UBS economist: Chinese economy shows recovery, expects more stimulus
By Global Business

The Chinese economy is recovering, but still faces many challenges as the coronavirus spreads globally. And China should keep its rhythm – continue to open up and focus on domestic momentum, according to Wang Tao, head of Asia Economics and chief China economist at UBS.

Data from the National Bureau of Statistics (NBS) show that China's factory activity in April were gradually recovering as restrictions ease. Value-added industrial output was up nearly four percent year on year in April.

"The April data suggests that the recovery of the economy has continued, and that's the most important takeaway," Wang told CGTN.

The industrial sector is recovering a little bit faster, as "you have infrastructure investment picking up because of the government's support. And export in April was much better than expected. So these reasons were behind why the industrial production rebounded to almost four percent year on year," Wang elaborated.

Consumer spending recovered somewhat with a 7.5-percent year-on-year fall in April, compared with a drop of nearly 16 percent in March. And online spending remained strong, increasing by nearly two percent year on year in the past four months.

"... Consumption and services, because people maybe still are a bit reluctant, there are some restrictions on mobility. Those kind of things are recovering a bit slower. But still I think the trend is pretty clear that we are on the upward trajectory," she explained.

CGTN talks to Wang Tao, head of Asia Economics and chief China economist at UBS, on Chinese economy. /CGTN

CGTN talks to Wang Tao, head of Asia Economics and chief China economist at UBS, on Chinese economy. /CGTN

China should keep opening up and focus on domestic momentum

China's economy has entered the recovery phase, but external pressure is still weighing. The International Monetary Fund warned that the coronavirus pandemic is plunging the global economy into its deepest slump since the Great Depression of the 1930s.

As a global recession this year is almost certain, Wang is concerned that the global economic slowdown will be a big headwind for China's external demand. "Even though April export was better than expected. We think that a big part of that, maybe because the Chinese export is just working off the backlog of orders," the economist said.

Given that global orders are declining and sales in major markets such as the U.S. and the EU are also going down due to the pandemic, Wang projected a significant decline of the export in the coming months, adding that the possible imported components' shortage, the U.S. export restriction could be among the most important external risk factors for China going forward.

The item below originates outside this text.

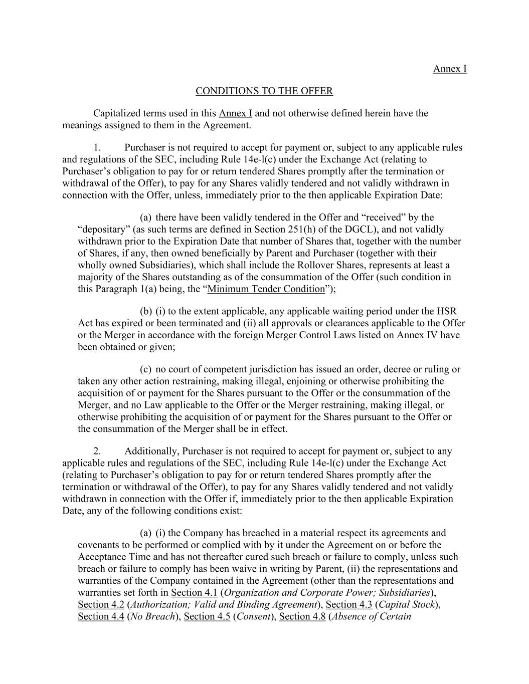 Annex I CONDITIONS TO THE OFFER Capitalized terms used in this Annex I and not otherwise defined herein have the meanings assigned to them in the Agreement. 1. Purchaser is not required to accept for payment or, subject to any applicable rules and regulations of the SEC, including Rule 14e-l(c) under the Exchange Act (relating to Purchaser’s obligation to pay for or return tendered Shares promptly after the termination or withdrawal of the Offer), to pay for any Shares validly tendered and not validly withdrawn in connection with the Offer, unless, immediately prior to the then applicable Expiration Date: (a) there have been validly tendered in the Offer and “received” by the “depositary” (as such terms are defined in Section 251(h) of the DGCL), and not validly withdrawn prior to the Expiration Date that number of Shares that, together with the number of Shares, if any, then owned beneficially by Parent and Purchaser (together with their wholly owned Subsidiaries), which shall include the Rollover Shares, represents at least a majority of the Shares outstanding as of the consummation of the Offer (such condition in this Paragraph 1(a) being, the “Minimum Tender Condition”); (b) (i) to the extent applicable, any applicable waiting period under the HSR Act has expired or been terminated and (ii) all approvals or clearances applicable to the Offer or the Merger in accordance with the foreign Merger Control Laws listed on Annex IV have been obtained or given; (c) no court of competent jurisdiction has issued an order, decree or ruling or taken any other action restraining, making illegal, enjoining or otherwise prohibiting the acquisition of or payment for the Shares pursuant to the Offer or the consummation of the Merger, and no Law applicable to the Offer or the Merger restraining, making illegal, or otherwise prohibiting the acquisition of or payment for the Shares pursuant to the Offer or the consummation of the Merger shall be in effect. 2. Additionally, Purchaser is not required to accept for payment or, subject to any applicable rules and regulations of the SEC, including Rule 14e-l(c) under the Exchange Act (relating to Purchaser’s obligation to pay for or return tendered Shares promptly after the termination or withdrawal of the Offer), to pay for any Shares validly tendered and not validly withdrawn in connection with the Offer if, immediately prior to the then applicable Expiration Date, any of the following conditions exist: (a) (i) the Company has breached in a material respect its agreements and covenants to be performed or complied with by it under the Agreement on or before the Acceptance Time and has not thereafter cured such breach or failure to comply, unless such breach or failure to comply has been waive in writing by Parent, (ii) the representations and warranties of the Company contained in the Agreement (other than the representations and warranties set forth in Section 4.1 (Organization and Corporate Power; Subsidiaries), Section 4.2 (Authorization; Valid and Binding Agreement), Section 4.3 (Capital Stock), Section 4.4 (No Breach), Section 4.5 (Consent), Section 4.8 (Absence of Certain

As the global situation worsens and the economic hit on China has been substantial, she expected more stimulus measures. "We think overall fiscal support is going to be more than four percent of GDP. That's more than four trillion RMB (563.3 billion U.S. dollars). Half of that is already announced in tax and fee cuts, emergency spending," she said, projecting more spending in infrastructure and health care, as well as in helping small and medium size enterprises and low income people.

"Monetary policy continues to be accommodative," Wang continued, expecting another 50 basis points of RRR cuts, overall credit growth to rebound to 12.5 percent.

Meanwhile, Wang believed that China should keep its own pace to do the things that the government has planned.

"Over the longer term, I think the focus still needs to actually deal with the domestic affairs. So basically do our own things that include reforms, further opening of services sector, pushing forward with the state-owned enterprise reform, continuing to invest more in human capital, education and health care, and spending more on technology and R&D."

Although the economic nationalism and de-globalization forces rise, Wang stressed that China should continue to embrace global cooperation.

"(China should continue to) work closely with whichever country that's willing to work with China and continue to push that opening of domestic markets and industries as well," Wang said.